- **AIM OF THE TASK**: Your copy of the lines below must match them exactly and contain no images.

[RECORDED INFORMATION Boundary: Start]

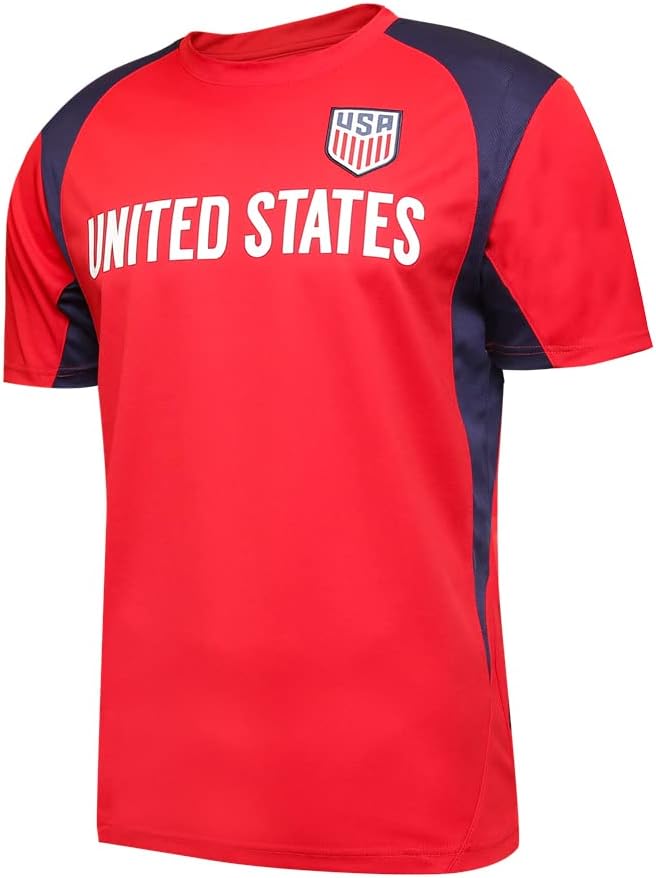 Icon Sports U.S. Soccer Federation USMNT Adult Game Day Soccer Poly Shirt T-Shirt- Highlight Red
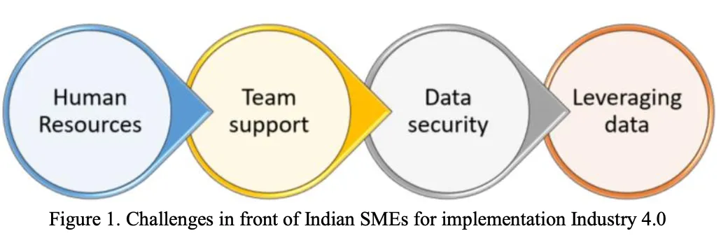 技术挑战——印度中小企业面临挑战,因为其内部缺乏必要的数据分析和IT培训专业知识。企业迫切需要一支能够管理I4.0技术的高素质人才队伍。此外,缺乏明确的I4.0实施模型和指导方案是一大显著障碍。不足的数字基础设施也使得I4.0技术的顺利整合变得困难,需要在连接能力和数据处理能力上进行显著提升。
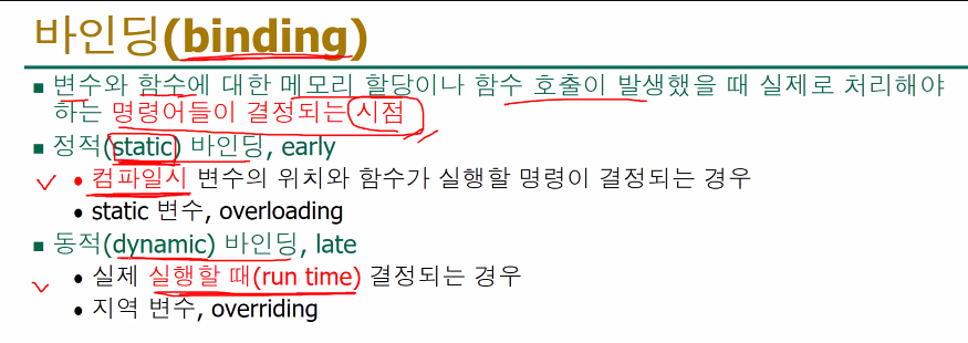 정적바인딩과, 동적바인딩.프로그래밍 언어에서 바인딩은 컴파일할떄 일어나는것인가?(static,early)바인딩 아니면 실행될떄 결정되는것은 동적(dynamic,late)바인딩 이다.
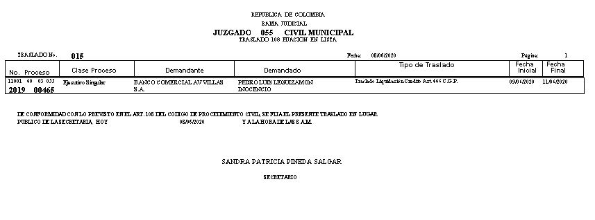 | 2019-465 | Ver Archivo | BANCO COMERCIAL AV VILLAS S.A. | PEDRO LUIS LEGUIZAMON INOCENCIO | Traslado liquidación de crédito ART. 446 CGP | 09/06/2020 | 11/06/2020 | |||||||||||||||||||||||||||||||||||||||||||||||||||||||||||||||||||||||||||||||||||||||||||||||||||||||||||||||||||||||||||||||||||||||||||||||||||||||||||||||||||||||||||||||||||||||||||||||||||||||||||||||||||||||||||||||||||||||||||||||||||||||||||||||||||||||||||||||||||||||||||||||||||||||||||||

[RECORDED INFORMATION Boundary: End]

- **RESULT FOR THIS TASK**:
 Icon Sports U.S. Soccer Federation USMNT Adult Game Day Soccer Poly Shirt T-Shirt- Highlight Red
 技术挑战——印度中小企业面临挑战,因为其内部缺乏必要的数据分析和IT培训专业知识。企业迫切需要一支能够管理I4.0技术的高素质人才队伍。此外,缺乏明确的I4.0实施模型和指导方案是一大显著障碍。不足的数字基础设施也使得I4.0技术的顺利整合变得困难,需要在连接能力和数据处理能力上进行显著提升。
 정적바인딩과, 동적바인딩.프로그래밍 언어에서 바인딩은 컴파일할떄 일어나는것인가?(static,early)바인딩 아니면 실행될떄 결정되는것은 동적(dynamic,late)바인딩 이다.
 | 2019-465 | Ver Archivo | BANCO COMERCIAL AV VILLAS S.A. | PEDRO LUIS LEGUIZAMON INOCENCIO | Traslado liquidación de crédito ART. 446 CGP | 09/06/2020 | 11/06/2020 | |||||||||||||||||||||||||||||||||||||||||||||||||||||||||||||||||||||||||||||||||||||||||||||||||||||||||||||||||||||||||||||||||||||||||||||||||||||||||||||||||||||||||||||||||||||||||||||||||||||||||||||||||||||||||||||||||||||||||||||||||||||||||||||||||||||||||||||||||||||||||||||||||||||||||||||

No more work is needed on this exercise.